Instructions to follow:
Reproduce the records word for word, apart from the images they contain.

[Source records]

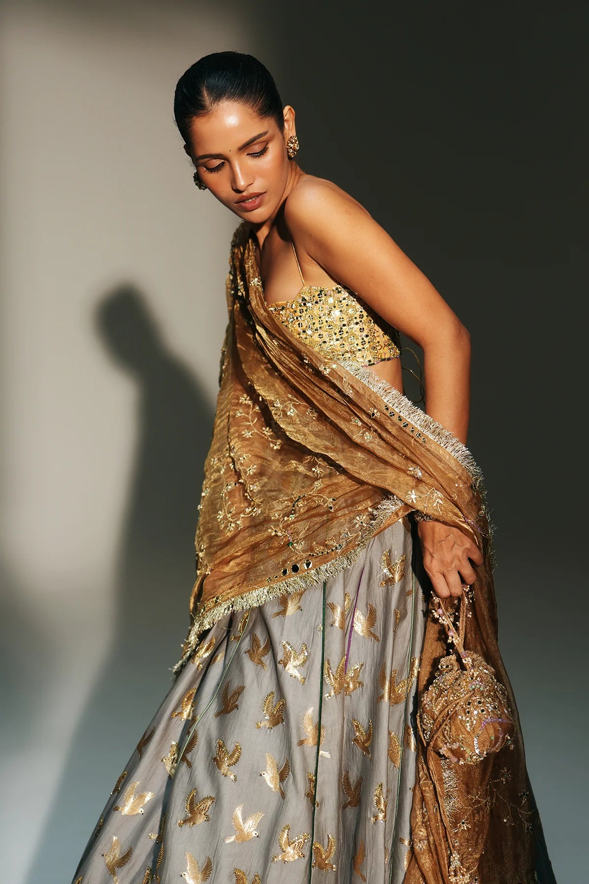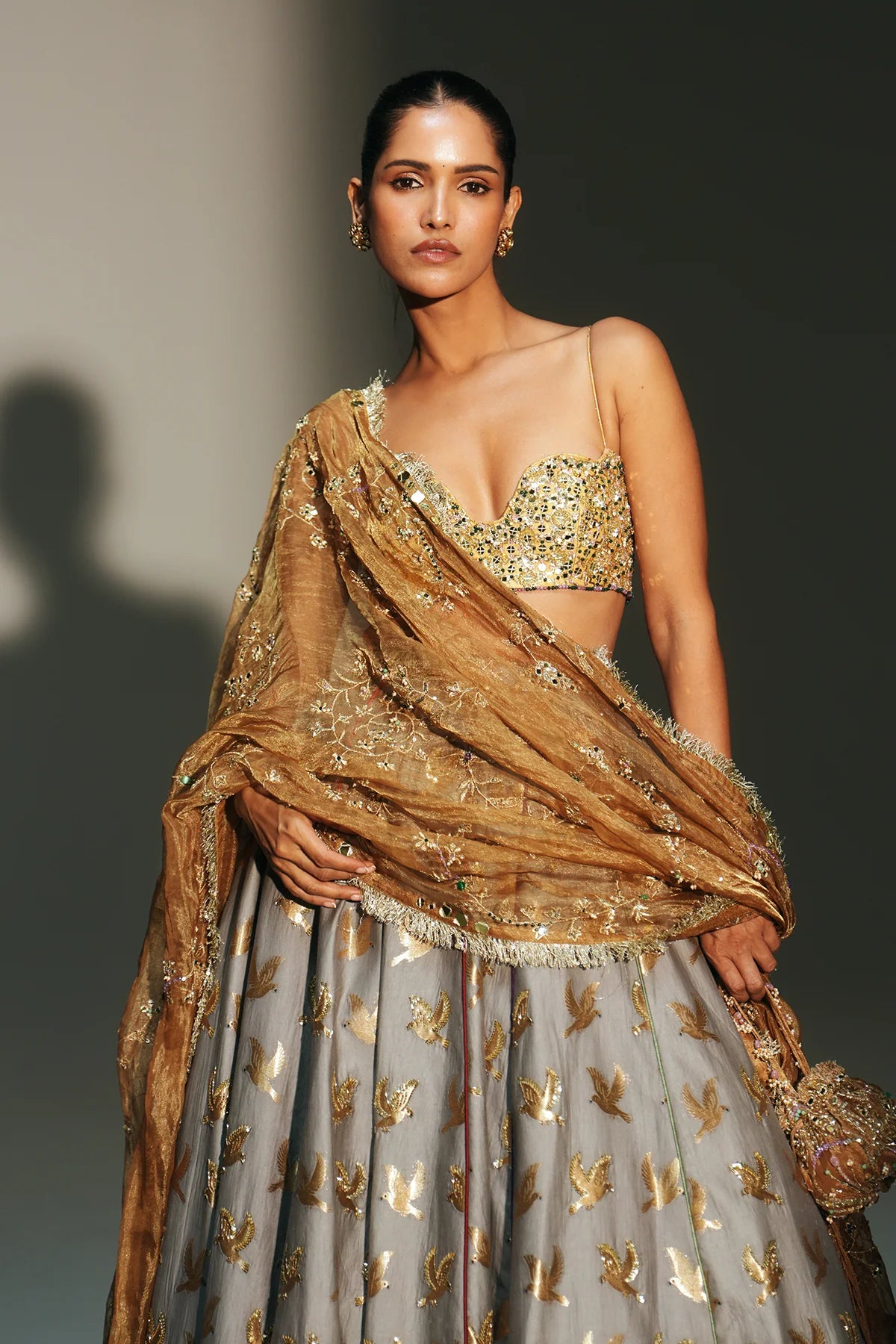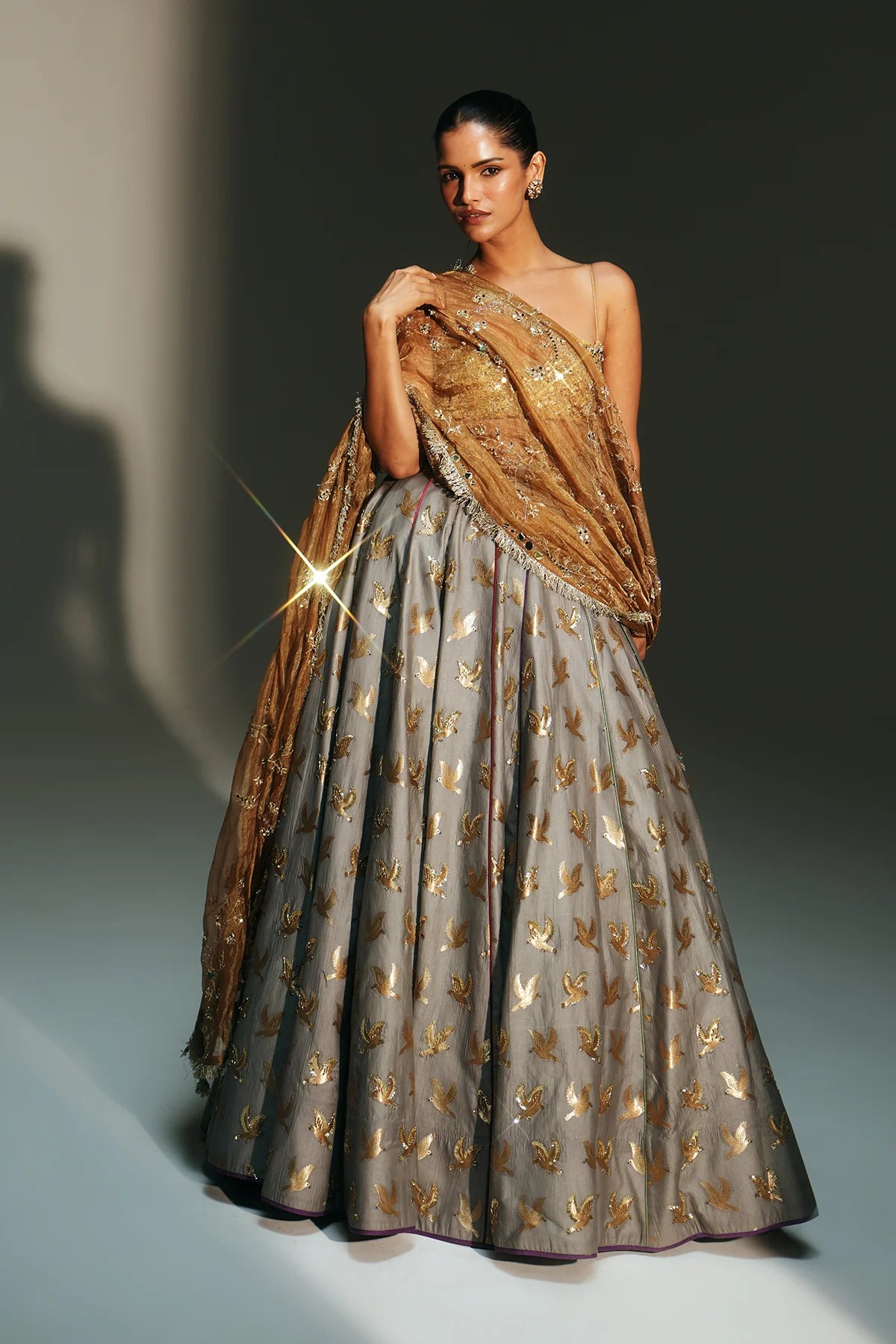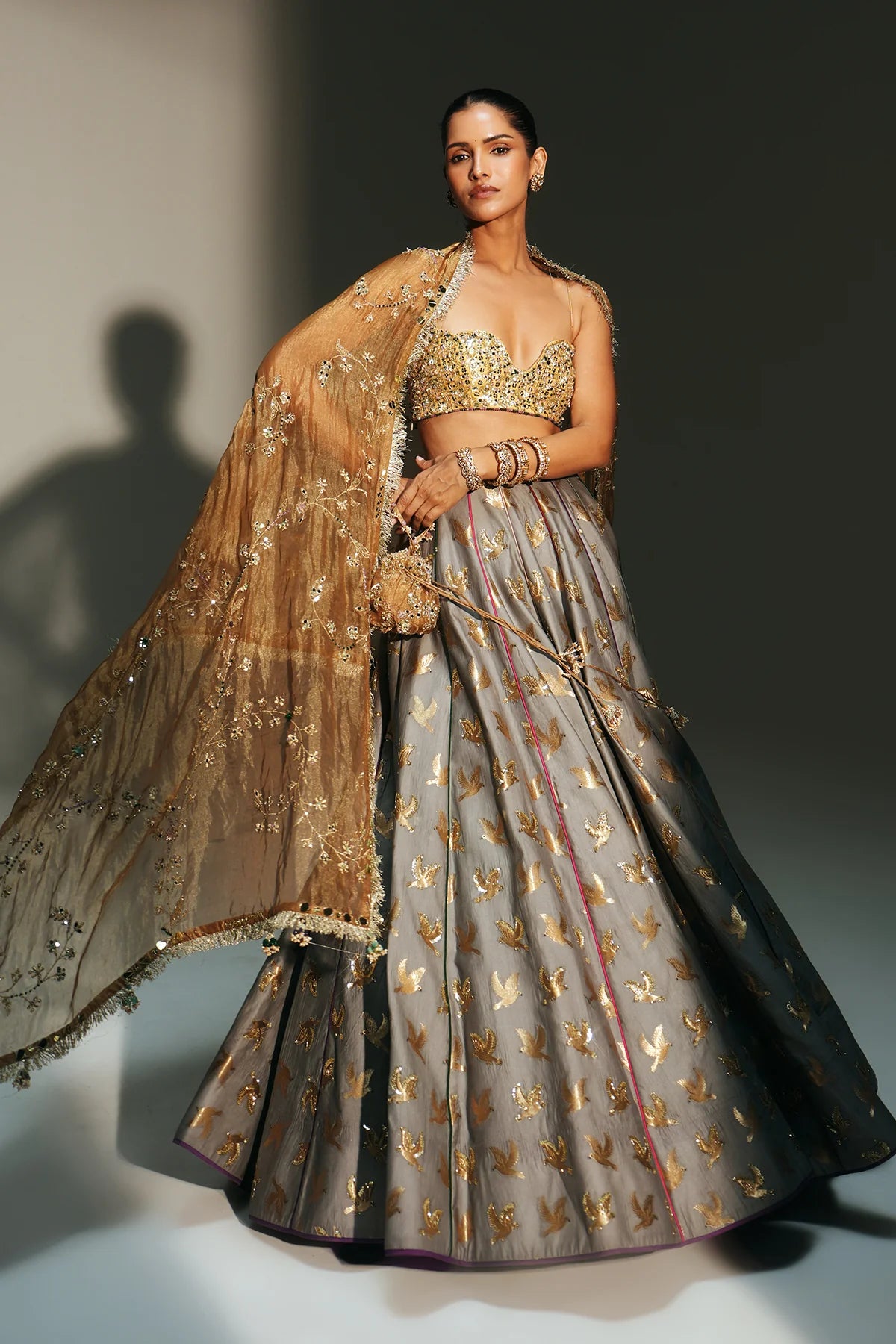 • Color: Lehenga-Platinumblouse & Dupatta- Golden
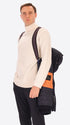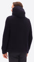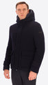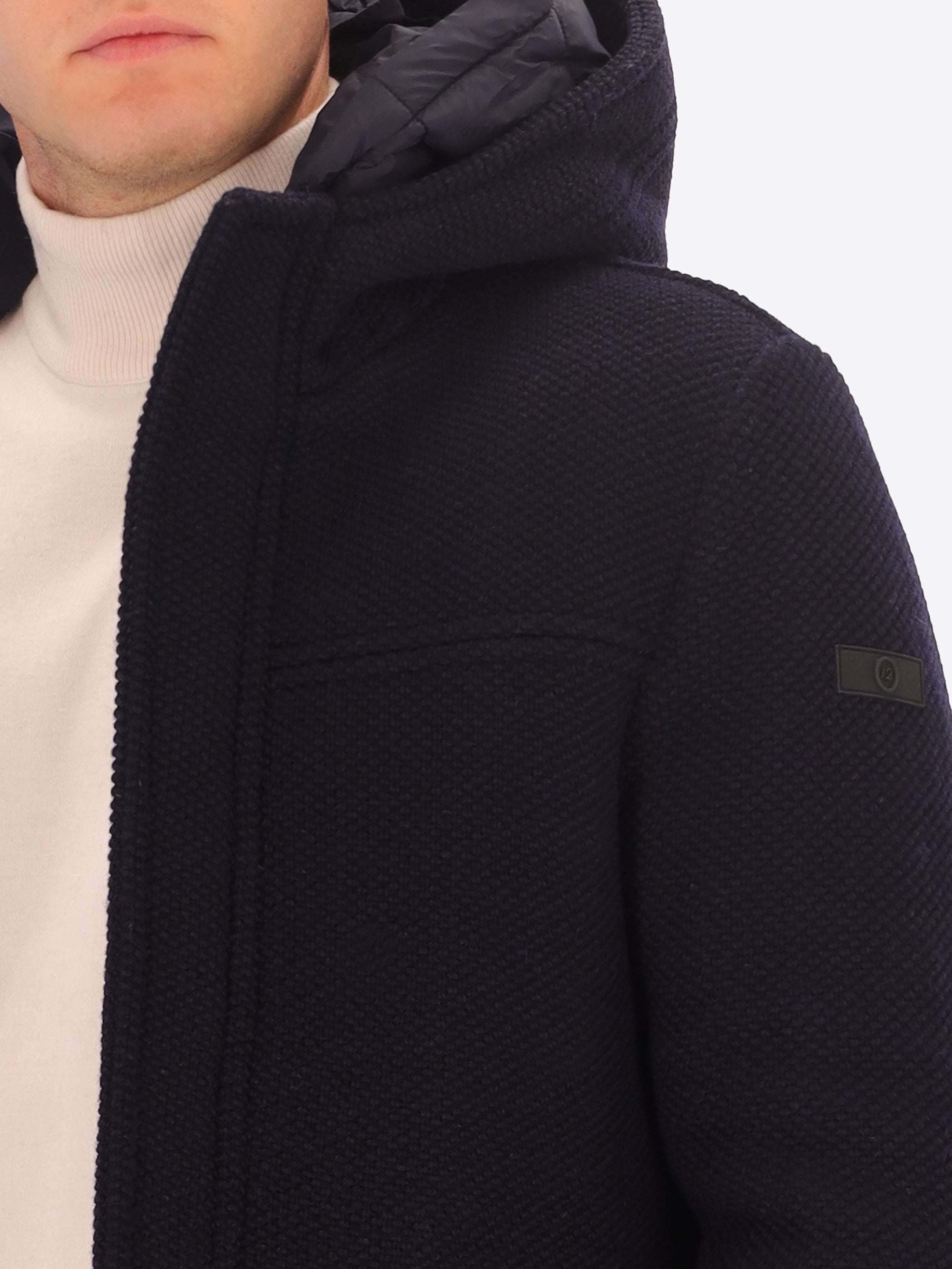 Hooded jacket made of wool piqué fabric. The garment features a zip and hidden snap button closure, two patch pockets with flaps, and a side opening. The interior is fully lined with quilted padding and includes a contrasting nylon inner pocket. Inside, there are also 2 detachable logo elastic braces. The jacket is equipped with an additional detachable padded nylon hood.
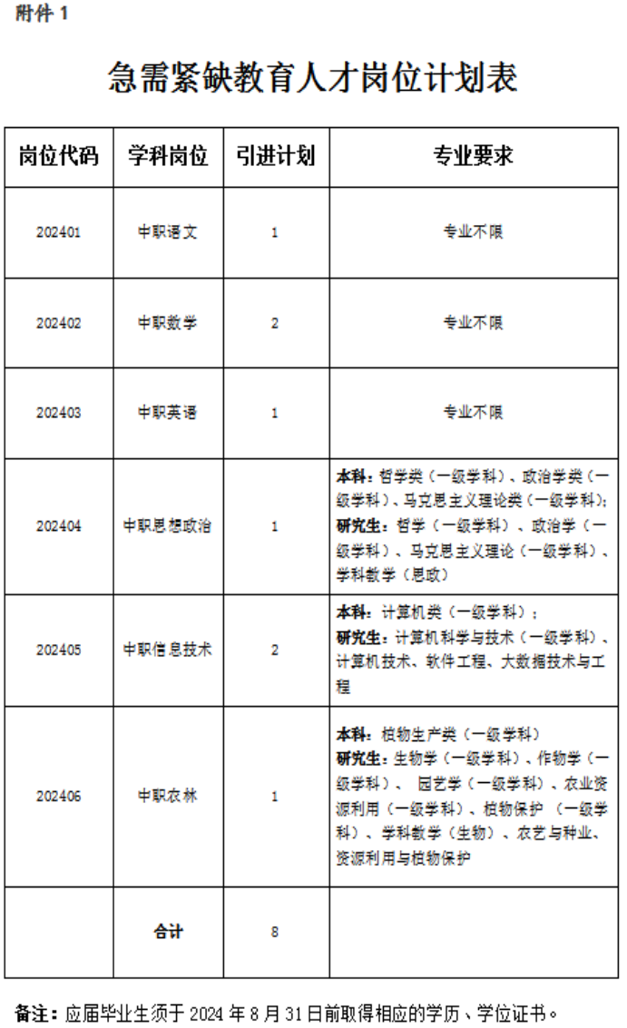 为深入实施人才强市战略, 经广德市委人才工作领导小组研究,按照公开、公平、竞争、择优原则,拟面向社会引进8名急需紧缺教育人才。现将有关事项公告如下: 一、引进计划 本次共设6个岗位引进8名急需紧缺教育人才,具体岗位见附件1。
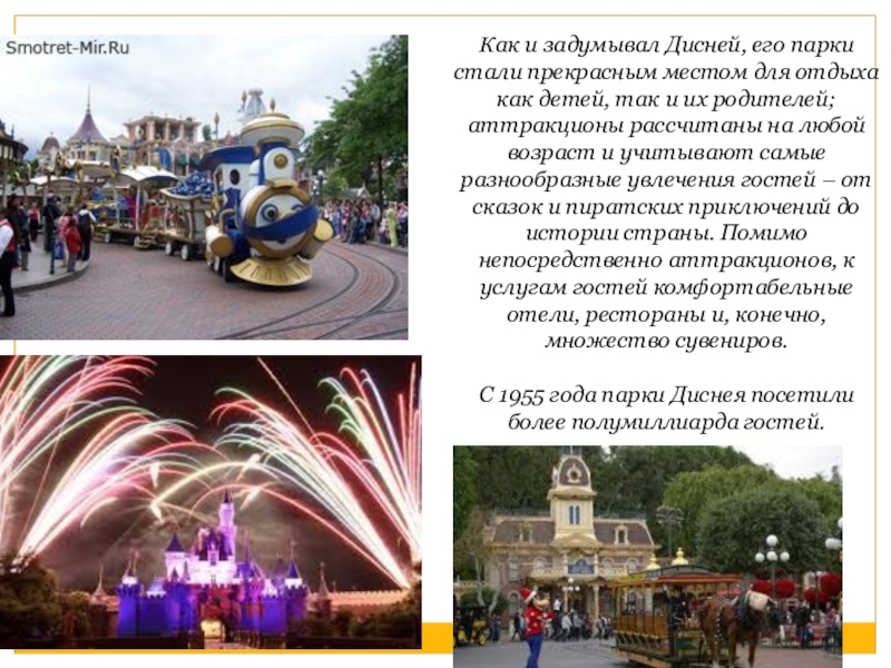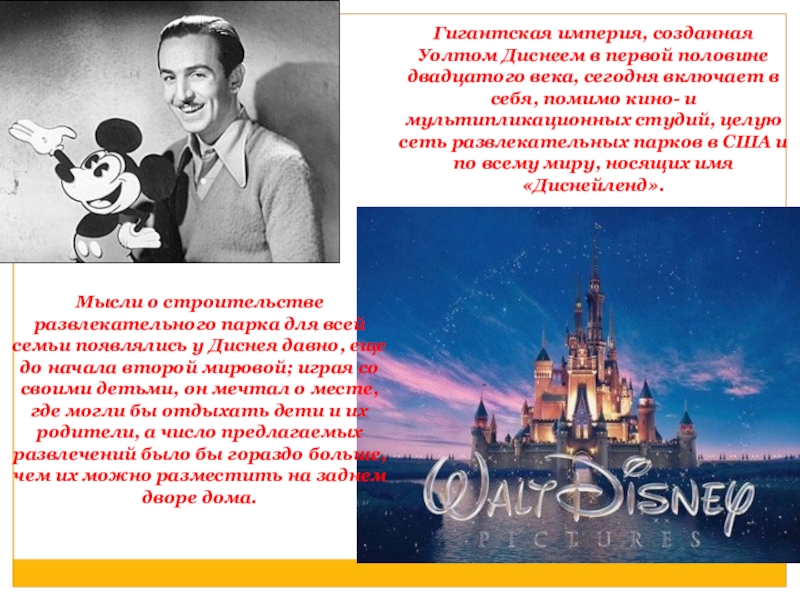 Мысли о строительстве развлекательного парка для всей семьи появлялись у Диснея давно, еще до начала второй мировой; играя со своими детьми, он мечтал о месте, где могли бы отдыхать дети и их родители, а число предлагаемых развлечений было бы гораздо больше, чем их можно разместить на заднем дворе дома.
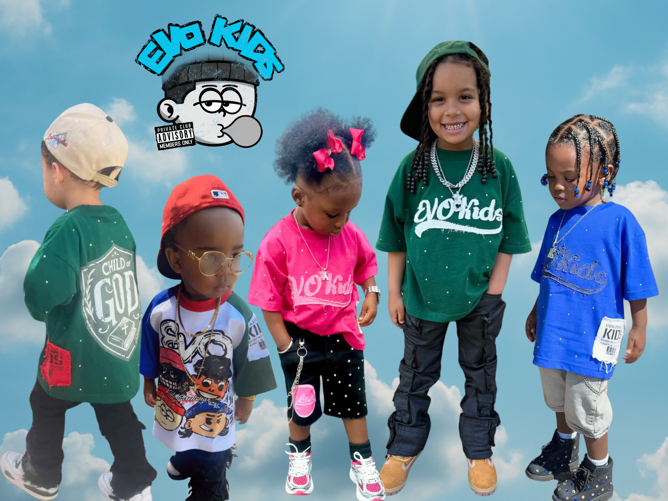 From our standout “Coming In Hot” set to the gritty EVO KIDS character tee and the rhinestone-detailed grayscale graffiti top, this launch is all about making noise, turning heads, and showing up with confidence. Designed for kids who know they were made to stand out—not blend in.

Reply:
 • Color: Lehenga-Platinumblouse & Dupatta- Golden
 Hooded jacket made of wool piqué fabric. The garment features a zip and hidden snap button closure, two patch pockets with flaps, and a side opening. The interior is fully lined with quilted padding and includes a contrasting nylon inner pocket. Inside, there are also 2 detachable logo elastic braces. The jacket is equipped with an additional detachable padded nylon hood.
 为深入实施人才强市战略, 经广德市委人才工作领导小组研究,按照公开、公平、竞争、择优原则,拟面向社会引进8名急需紧缺教育人才。现将有关事项公告如下: 一、引进计划 本次共设6个岗位引进8名急需紧缺教育人才,具体岗位见附件1。
 Мысли о строительстве развлекательного парка для всей семьи появлялись у Диснея давно, еще до начала второй мировой; играя со своими детьми, он мечтал о месте, где могли бы отдыхать дети и их родители, а число предлагаемых развлечений было бы гораздо больше, чем их можно разместить на заднем дворе дома.
 From our standout “Coming In Hot” set to the gritty EVO KIDS character tee and the rhinestone-detailed grayscale graffiti top, this launch is all about making noise, turning heads, and showing up with confidence. Designed for kids who know they were made to stand out—not blend in.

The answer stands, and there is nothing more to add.